Frequently Asked Questions
Will I qualify for a payment deferral?
We are here to help you get through this. Every member is in a unique situation and we will look at what makes the most sense for you. If you are facing job loss, pay disruption due to childcare challenges, or other loss of income and you’re worried about your ability to cover your loan costs and take care of yourself and your family, payment deferrals might be the right solution for you.
Are there fees for changing my payments?
No, fees associated with deferred mortgage payments have been waived at this time.
What does it mean to defer a mortgage or loan payment?
Payment deferrals (also known as skipping payments) can provide short term financial relief - allowing you to pay your debt later so that you can afford to pay for your essential needs now.
Deferring payments does not reduce your debt. You are still obligated to pay the amount of the skipped payment at a later date which is often accomplished by extending the remaining amortization or through a higher mortgage payment at renewal.
There are a number of things you’ll want to consider when looking at payment deferrals and our team is ready to help you understand your options. For instance, how many months you should defer (1 month up to 6 months) and whether you should defer your entire payment or keep paying the interest portion.
The first thing we’ll recommend, depending on your financial situation, is continuing to pay your interest costs and defer only the principal. This means it could take you longer to pay off your mortgage but you won’t accrue any extra interest costs.
If you do need to defer your entire payment (principal plus interest), it’s important to know that the unpaid interest is added to the principal balance of your loan. This means you will likely have a higher principal balance when you need to renew your loan. Also, though it may not be a substantial amount, future interest will accrue on this higher balance.
For loans, the loan may not be paid off at the end of the existing term and a renewal may be required.
Will it cost me more in the long term to defer my mortgage payments?

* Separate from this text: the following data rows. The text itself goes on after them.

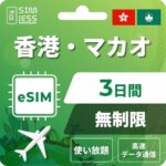 【香港・マカオeSIM】3日間完全無制限(使い放題) LINE相談受付中|データ通信専用(電話番号なし) | simフリー端末のみ対応 説明書付 イーシム simless
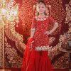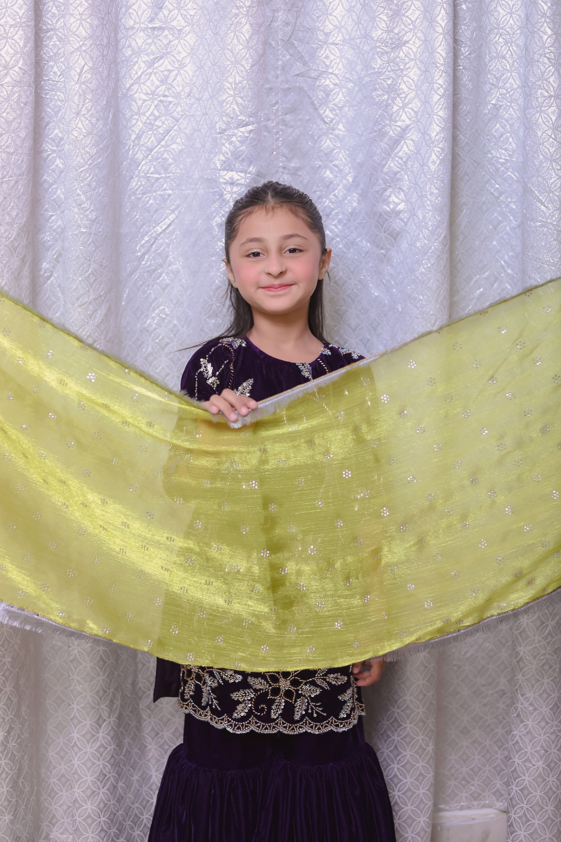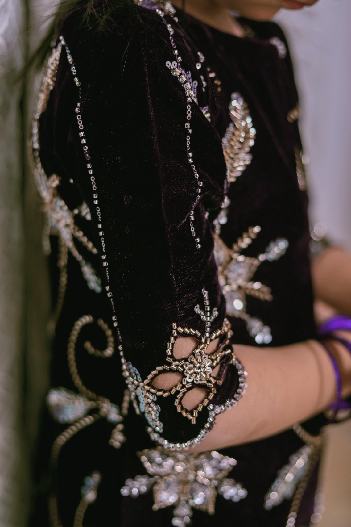 A stunning dark-purple velvet ensemble adorned with delicate cut-moti, sequins, and crystal handwork that shines like scattered stars. The full-flaired sharara adds a majestic royal charm, giving the outfit a graceful and luxurious fall. Perfect for evening festivities with an enchanting, regal glow.
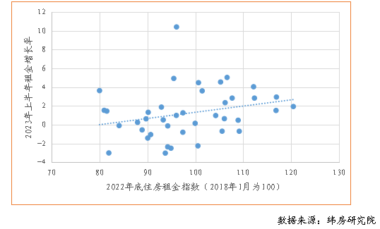 圖9 2023年上半年重點(diǎn)40城住房租金增長率與2022年底住房租金指數(shù)關(guān)系
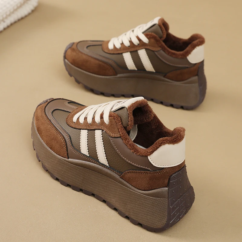 Chunky platform sneakers crafted for everyday comfort and modern style. Featuring a durable rubber sole, breathable mesh lining, and an easy-care PU upper, these lace-up trainers deliver reliable support with a true-to-size fit. Perfect for winter wear and casual looks.

Not necessarily, but it can. It depends on a few things. For instance, as you’ll see above, if you defer your interest as well as your principal, while likely not substantial, you can accrue additional interest costs. Every member’s situation is different; your Interior Savings representative will work with you to help you understand your options and choose the one that will best serve you today and in the future.
Is there help available for credit card payments?
Also, effective April 13th, our credit card partner, Collabria Financial, has added a temporary interest rate reduction to their financial relief bundle.
In addition to payment deferrals, cardholders facing financial hardship can receive a temporary interest rate reduction on purchases and cash advances to 10.9% for up to 6 months. This offer will be available to all qualified cardholders. The one exception is Centra Gold cardholders who will continue to be eligible for the Payment Deferral program, however are already in a low interest rate product.
Cardholders can apply for Collabria’s ‘Financial Relief Bundle’ in three-month increments, with an option to extend for another three months if they are still experiencing financial hardship due to the COVID-19 pandemic. To learn more and apply, contact Collabria at 1-855-341-4643.
Are there other options for financial relief?
Yes, depending on each member’s situation, there are a variety of ways we may be able to support our members. For instance, if you have mortgage secured by Genworth or CMHC insurance, we will also work with those partners to find solutions for you.